Observed variations between languages are secondary to the general, universal properties, and they are not biologically based: anybody can become an object-verb speaker and there is nothing biological about it. Such differences amount to little compared to the distinctive properties that hold for all forms of Human, compositionality, structure dependence, and all the particular computational possibilities (see the next section). That is what distinguishes us from other species and constitutes Human, not the Hamburg-Chicago variation.
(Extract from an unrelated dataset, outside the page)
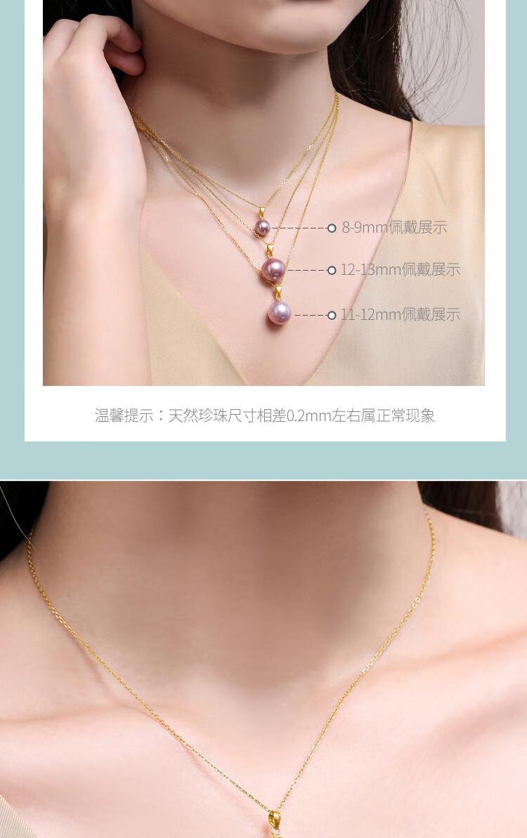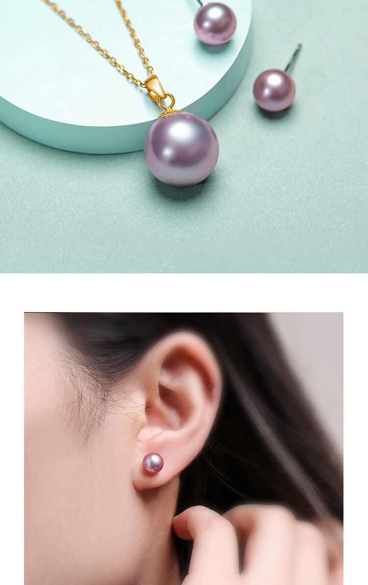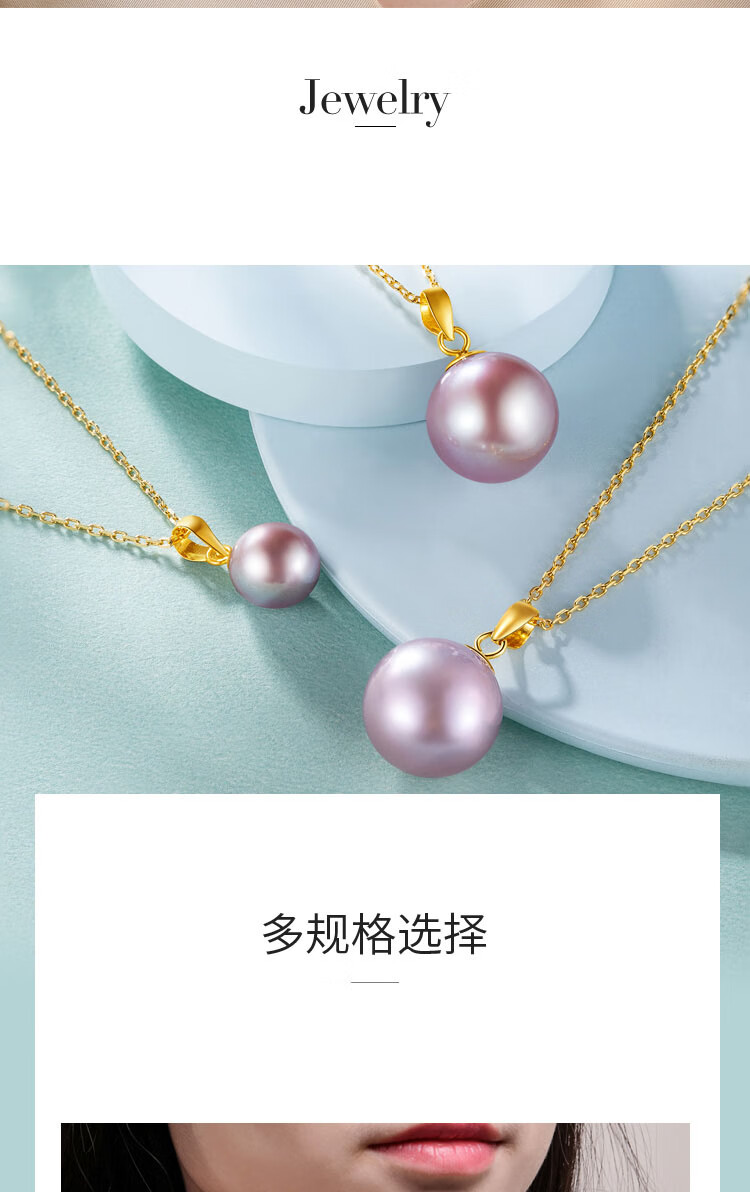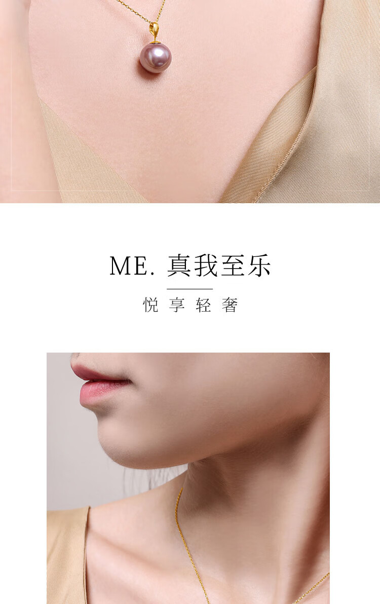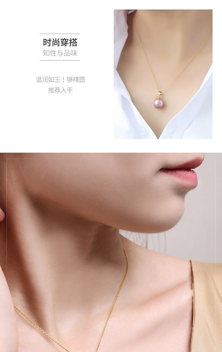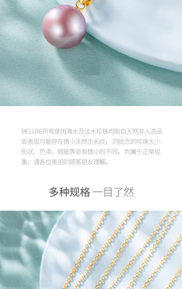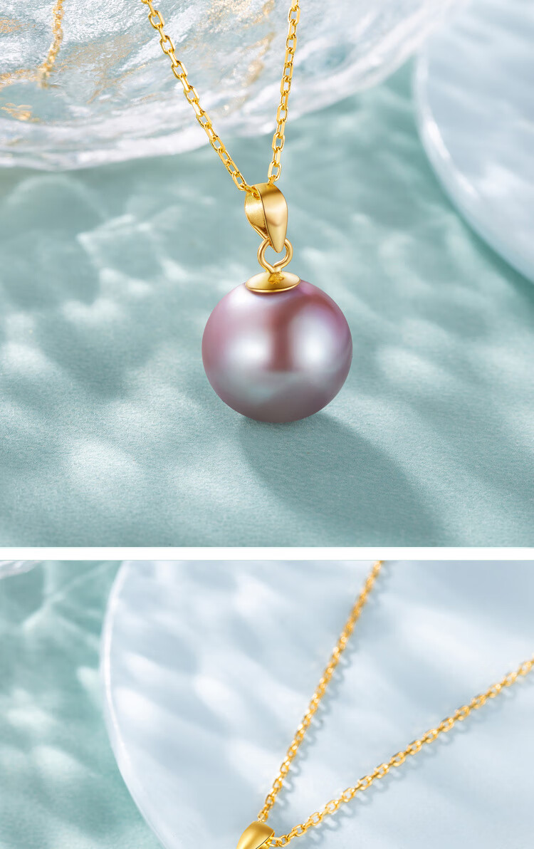 Meluxe Jiuzilihuo 18K gold Edison freshwater pearl pendant purple pearl clavicle chain birthday gift for wife 10-11mm white

What distinguishes us from other species must be represented in the human genome; what distinguishes a German speaker from an English speaker is not represented in the genetic material but is represented somehow in brain physiology, although not in ways that are detectable by the present techniques of biologists and neuroscientists. We have no significant knowledge yet of the biochemistry of acquired physiological properties. In fact, fundamental matters are quite open: neuroscientists have traditionally focused on neurons but brain cells of a different type, the glia, are now attracting more scrutiny and outnumber neurons nine-to-one. Glia "listen in" on nerve signals and commu- nicate chemically with other glia. Until we know more, a biologist or neuroscientist using currently available techniques will not detect the differences between German and English speakers and will conclude that there is just one human language, Human, which has the rich kinds of properties we have discussed.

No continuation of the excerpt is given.